I have come to Scotland to face my demons — or, rather, demon. Namely, the “water of life” as it is known: Scotland’s celebrated single malt whisky. I have a love-hate relationship with whisky. As the scion of a Scotsman — my father’s family traces its roots through Glasgow all the way back to St. Kilda in the Outer Hebrides — I appreciate its rich history and cultural significance. As a teenage thief, filching a bottle of the finest from the back of my father’s liquor cabinet, I have a decidedly different take.

Will Ferguson
Will Ferguson circa grade 9 Photo: Courtesy Will Ferguson

 

Fayther, as my oldest sister dubbed him, was a great mountain of man with a booming voice and a stare that could melt tar off a roof. He had grown up in the Great Depression, restless and often absent.

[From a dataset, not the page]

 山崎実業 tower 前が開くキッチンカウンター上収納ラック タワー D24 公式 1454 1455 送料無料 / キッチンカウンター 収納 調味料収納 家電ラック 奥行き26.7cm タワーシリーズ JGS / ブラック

More importantly, he had a liquor cabinet with a broken lock. The dream of every teenager. Wine and Drambuie and other potions were crowded in front but, at the back, at the very back, where – with impeccable teen logic – I assumed he’d forgotten about it (it had been there for ages!) was a dusty bottle of Glen-something-or-other. The label said it was 18-year old single malt, older than I was when, on the occasion of my Grade 9 graduation, I decided to sneak Fayther’s “forgotten” bottle to the school dance, where my friends and I took turns passing it back and forth behind our small-town gymnasium as the music of Boney M “Ra-Ra-Rasputined” through the doors. We choked it down, wheezing, eyes bleeding. This was to make us look cool and alluring to any girls who happened to pass by. It didn’t work. We eventually finished the bottle, which is to say, got deathly sick.

Ferguson's father
John Stener Ferguson, a.k.a. Fayther Photo: Courtesy of Will Ferguson

 

I remember standing outside our house at the end of the night, retching, as my father looked on, saying tersely, “That was about $20 worth …” – retccch – “That would be about $40 …” – retccch –“That was $30 …”

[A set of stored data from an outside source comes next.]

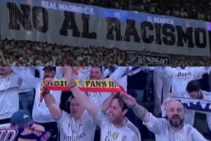 皇馬球迷賽前在伯納烏拉起橫幅,反對(duì)種族歧視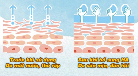 Khoa học đã chứng minh, một làn da khỏe mạnh có độ ẩm trung bình ờ mức 30%. Nhiệm vụ duy trì con số 30% này được thực hiện bởi dưỡng chất Hyaluronic Acid (HA) có sẵn trong da - 1gam HA hấp thu đến 6 lít nước. Tuy nhiên HA lại bị mất dần theo thời gian và do tác động của ngoại cảnh (nắng, gió, khói bụi, thay đổi thời tiết, thay đổi nội tiết…). HA giảm, kéo theo độ ẩm da không còn cân bằng, da trở thô ráp, kém mịn màng, lỗ chân lông to ra và nếp nhăn dần xuất hiện.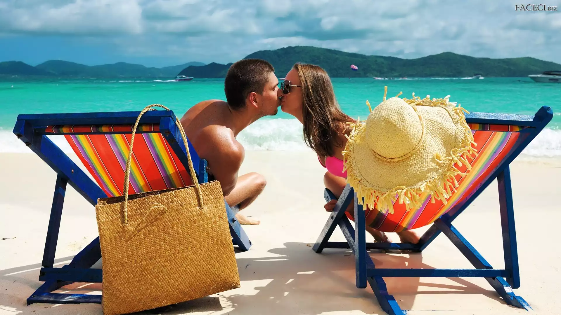 Morze, Kobieta, Kapelusz, Miłość, Plaża, Leżaki, Lato, Mężczyzna, Wakacje, Torba, Pocałunek - faceci.biz |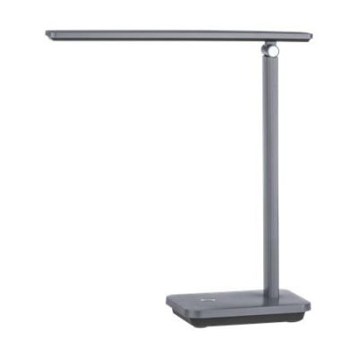 INIESTA LED asztali lámpa állítható lámpafejjel, tetszés szerint forgatható és dönthető. A lámpafej beépített LED izzókat tartalmaz szürke műanyag borítással, szabályozható fehér színű fénnyel. Érintéskapcsolóval és USB-porttal rendelkezik.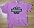 Experience the iconic style of Harley-Davidson with this vibrant pink graphic tee. Perfect for motorcycle enthusiasts and casual wear alike, this t-shirt features a classic Harley-Davidson logo on the front and an eye-catching design on the back showcasing Bowling Green, Kentucky. Crafted for comfort, it retains its softness and worn-in appeal. Key features include: - Made by Hanes for quality and durability - Eye-catching pink color with bold graphics - Classic crew neckline - Short sleeves for casual comfort - Great for layering or standalone style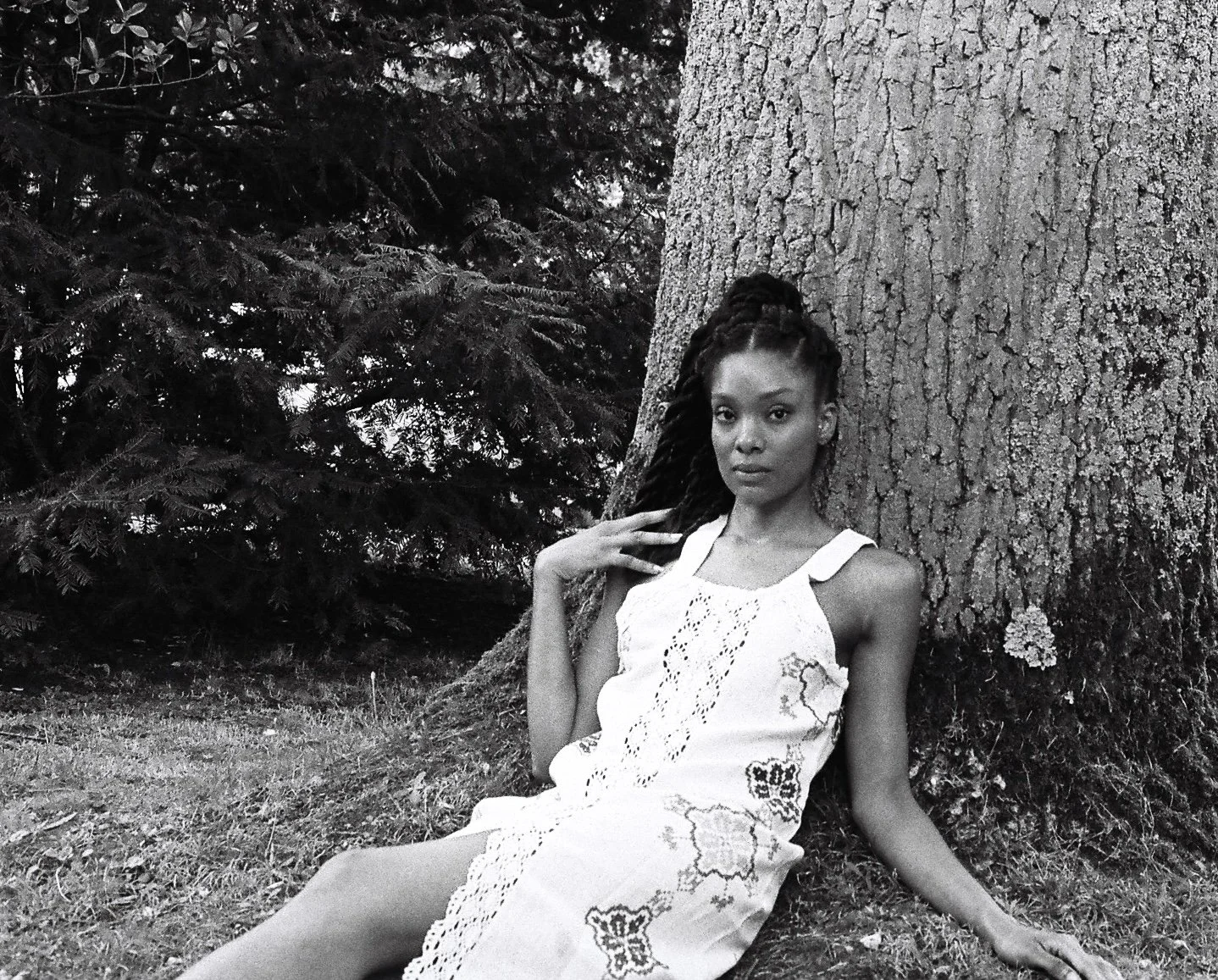 Nature as set. Body as form. Fabric as story. This image channels a grounded femininity through delicate textures and contemplative stillness - Shot by Liorah Maarek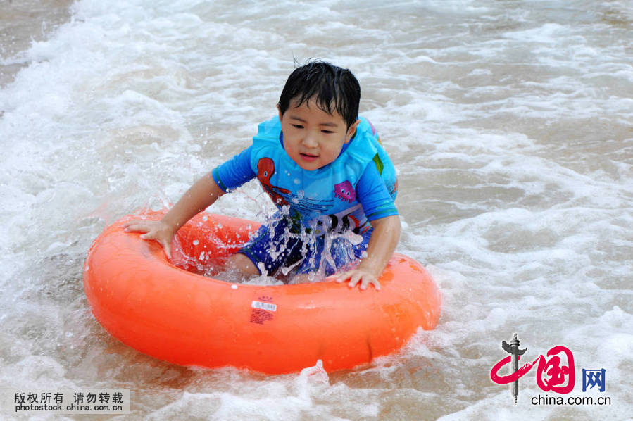 一位小游客被海浪推向岸边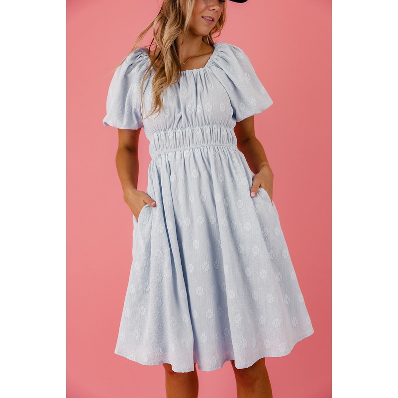 "Honestly, who are we to fight the alchemy?"Serious question. Slipping into this dress is like finding love all over again. It's got puff sleeves and a square neckline, with pretty flowers stitched on soft, textured baby-blue fabric. Complete with a double

It never dawned on me that whisky was something one might save and savour. Ever since then, the taste, the smell, even the thought of whisky has caused my stomach to clench.

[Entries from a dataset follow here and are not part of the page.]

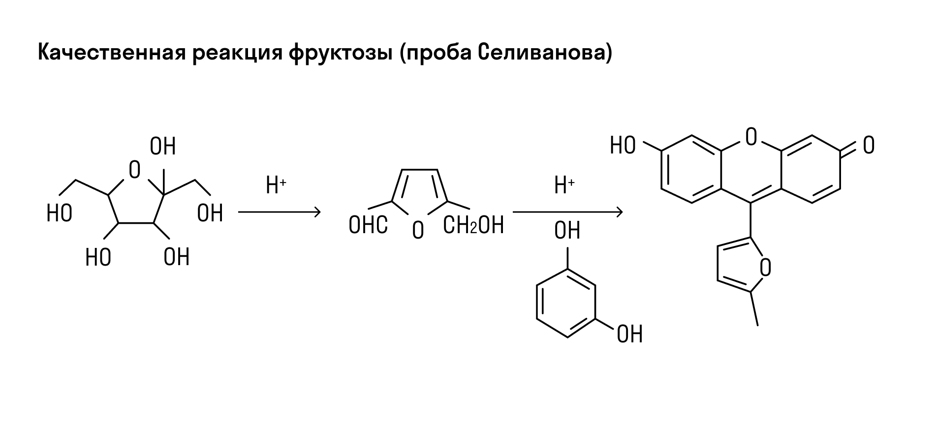 Углеводы с содержанием крахмала можно узнать по синему цвету раствора при добавлении йода. После нагревания такой раствор теряет цвет, но при охлаждении снова становится синим. Фруктозу можно идентифицировать по реакции с резорцином в растворе c соляной кислотой — смесь приобретает вишневый цвет (проба Селиванова).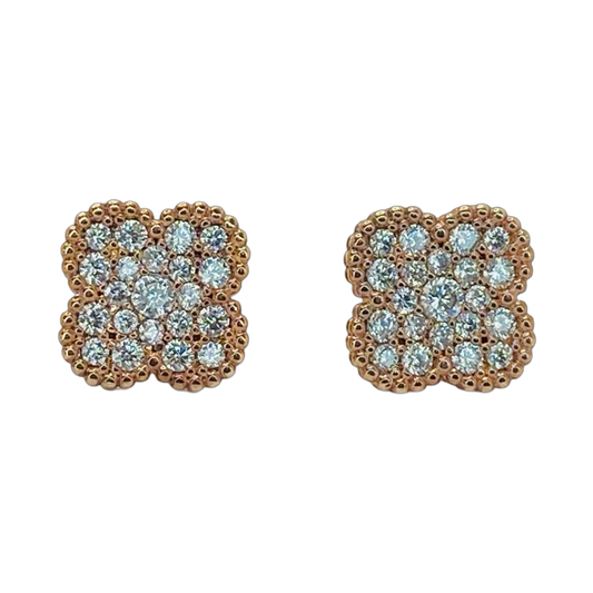 Estate Jewelry Rose Gold Tone Crystal Stud Clover Earrings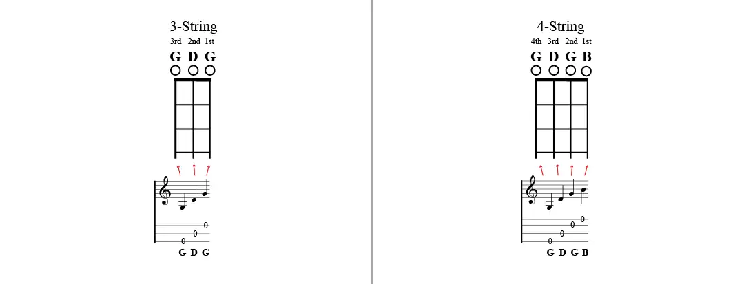 3 and 4-string cigar box guitar tuned to GDG and GDGB showing string names.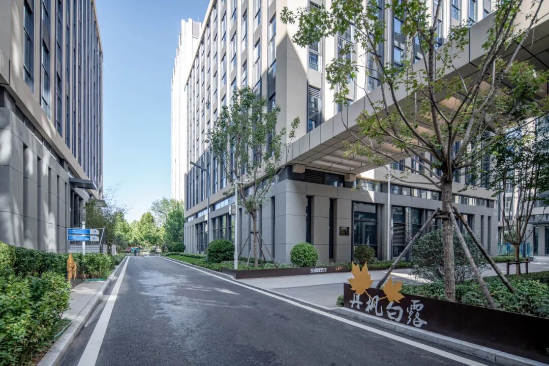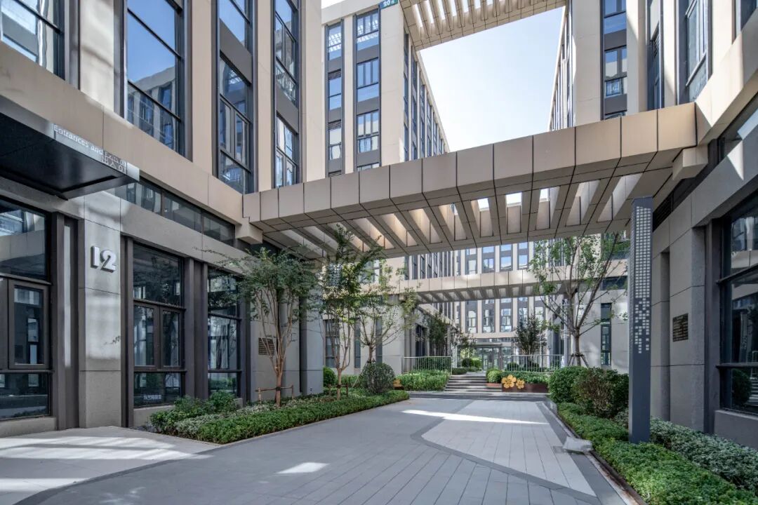 十六栋厂房以四栋为单元,界定了四组核心庭院空间。景观设计以此为基础,用植物主题回应建筑布局,为每个节点注入鲜明的场所精神,最终打造出“杏雨涧云、丹枫白露、棠心如玉、桃李芳华”这四个名如其境、功能与意境并重的主题空间。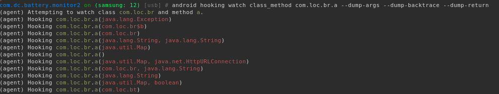 android hooking watch class_method com.loc.br.a --dump-args --dump-backtrace --dump-return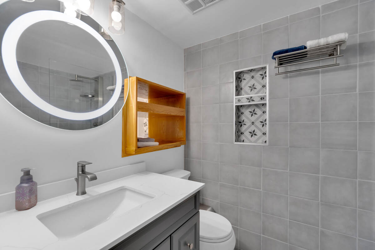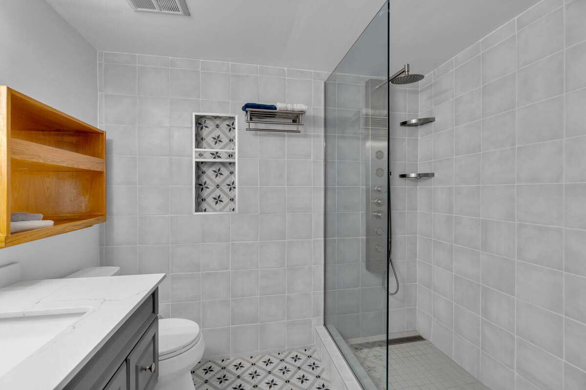 Spacious Wall Niches and Custom-Made Shelving in the Bathrooms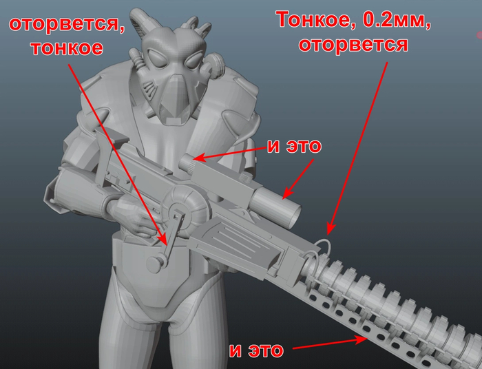 3D модели делают под разные задачи. Под анимацию, под игры, под 3D печать. Каждая из задач имеет свою специфику и одна из главных под изготовление на 3D принтере - это толщина. Давайте посмотрим на винтовку Гаусса.

Never let it be said I am a coward! I have come to Scotland, land of my Fayther, to confront my past head on. I begin in Glasgow, on the banks of the River Clyde.

 

Glasgow

 

Glasgow is a city shaped by water, by its river channels and shipyards, its distilleries and docks. The very term “Clydebuilt” refers to something that is innovative, well-made, solid. Today, the shipbuilders are gone, but the
legacy lives on, embedded in the city’s very architecture. Stacey Wallace with Walking Tours in Glasgow – and with a last name like Wallace, you know you are dealing with true Braveheart authority on such matters – points out carvings of the tall ships of the Tobacco Lords entwined above the doorways of the magnificent City Chambers.

With the passing of the ships and the distilleries, Glasgow has reinvented itself of late as an arts and cultural hub, one known for its relentlessly friendly citizens. When I ask Wallace about this, she laughs.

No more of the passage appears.